Health & Dependencies
aide continuously monitors two things for every running agent:
- Liveness — the daemon writes a heartbeat file every tick.
- Declared dependencies — external services your agent needs (HTTP APIs, TCP ports, processes, files, shell commands).
Run aide ps to see the combined view.
Heartbeats
When the daemon is up, each scanned agent gets a record at
~/.aide/heartbeats/<agent>.json:
{
"pid": 1234,
"last_alive": "2026-04-18T12:00:00Z",
"status": "running",
"cycle": 42,
"deps": [{"name": "database", "ok": true}]
}
aide ps flags an agent as DEAD if last_alive is older than 10 minutes —
useful for catching stuck or crashed daemons.
Declaring dependencies
Add a [health] section to your Aidefile. Every field is optional;
omitting [health] is equivalent to interval = "10m" with no dependencies.
[health]
interval = "10m" # how often to probe (default 10m)

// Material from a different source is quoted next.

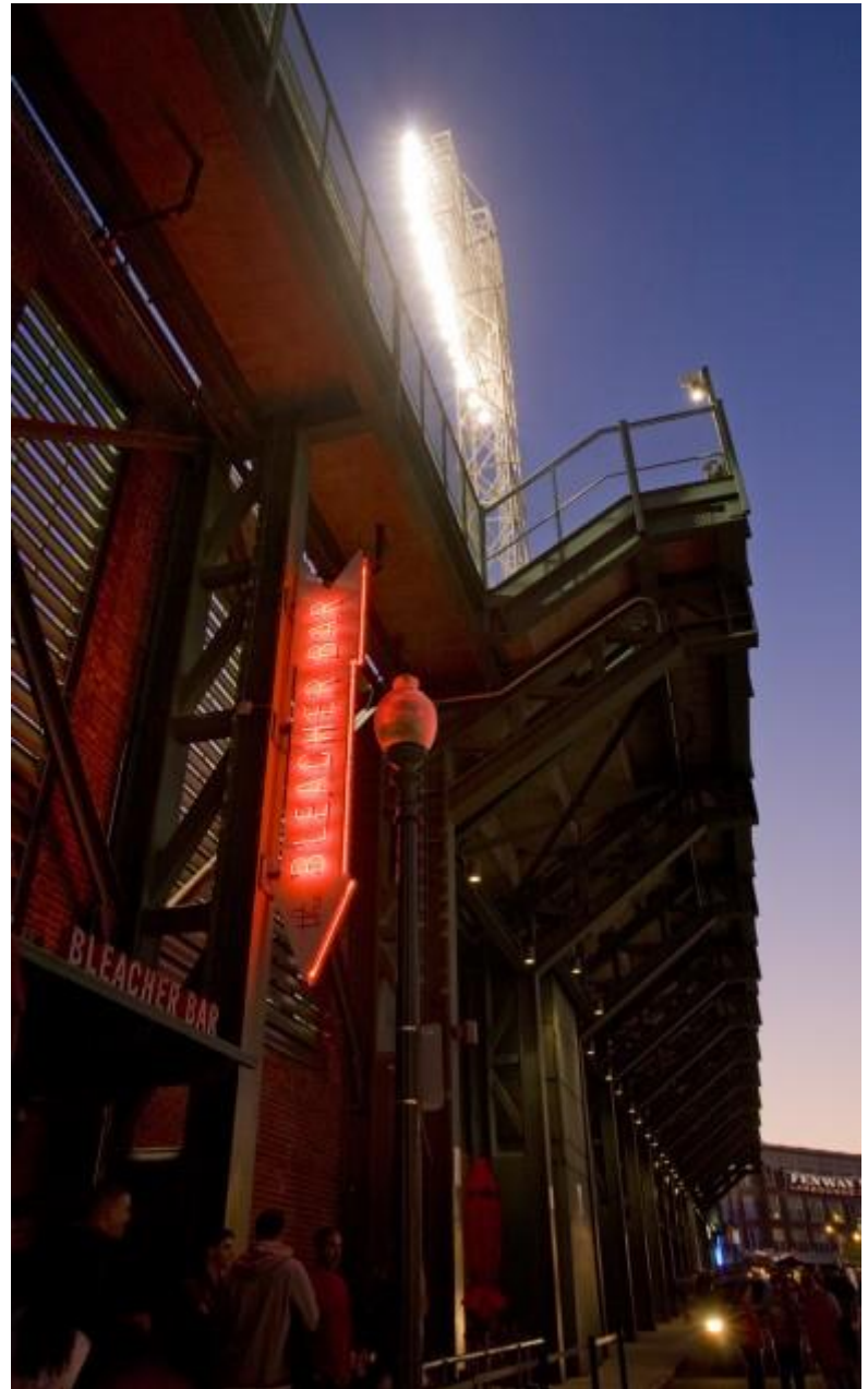
4 From Lansdowne Street, the glowing Bleacher Bar sign invites fans and tourists in for a unique experience

One of the most interesting parts of the design is the opening onto the field itself. Originally, there was a metal panel door in the opening, painted green to blend into the padding along the outfield wall. The park later replaced it with a glass overhead door that provided an excellent, if limited, view of the field. The challenge was, how to allow the bar patrons see onto the field without being seen by the players? The overhead door in question was directly in line with the batter's field of vision as they watched the ball release from the pitcher's hand. How could we prevent a flashing light or movement inside the bar from distracting the batter? Especially a Red Sox batter! I found a one-way film produced locally that had the potential to allow one-way viewing through the glass. The film was expensive and had to be printed with official Fenway green paint color. We arranged for a mock up and test after the completion of a night game. We worked with the contractor to set up lights and people standing in the opening with the door closed – just as it would be during a game. We were able to walk from the opening around the warning track and stand behind home plate to see if the product would work. As we walked on holy ground I asked the owner's representative who was going to approve the installation before the developer spent money on the expensive film? The

alert = "email:[email protected]" # optional — alert wiring TBD
Then add one [[health.dependencies]] block per check.
http — HTTP GET
[[health.dependencies]]
name = "api_session"
type = "http"
url = "https://api.example.com/health"
expect_status = 200 # optional; otherwise any 2xx passes
# expect_json = '"ok": true' # optional substring match on response body
tcp — port reachability
[[health.dependencies]]
name = "database"
type = "tcp"
host = "localhost"
port = 5432
command — shell exit code
Runs through sh -c; exit code 0 = healthy.
[[health.dependencies]]
name = "gpu_server"
type = "command"
run = "ssh gpu-server echo ok"
timeout = 10 # seconds; default 10
process — pgrep pattern
[[health.dependencies]]
name = "claude_proc"
type = "process"
pattern = "claude" # passed to `pgrep -f`
file_age — recent file modification
Useful for "is something writing logs?" or "did the model checkpoint update today?"
[[health.dependencies]]
name = "training_log"
type = "file_age"
path = "~/.aide/logs/agent.log"
max_age = "1h" # passes if mtime within last hour
Inspecting status
$ aide ps
NAME STATUS LAST ALIVE CYCLE DEPS
────────────────────────────────────────────────────────────────────────────────
reviewer running 12s ago 204 2/2 ok
gpu-trainer running 8s ago 11 1/2 fail:gpu_server
crawler DEAD 42m ago 88 —
Alerts
health.alert is reserved for future use — the daemon currently logs failures
via tracing::warn! and persists them in the heartbeat file's deps array.
Wiring email/webhook sinks is tracked in issue #102 follow-ups.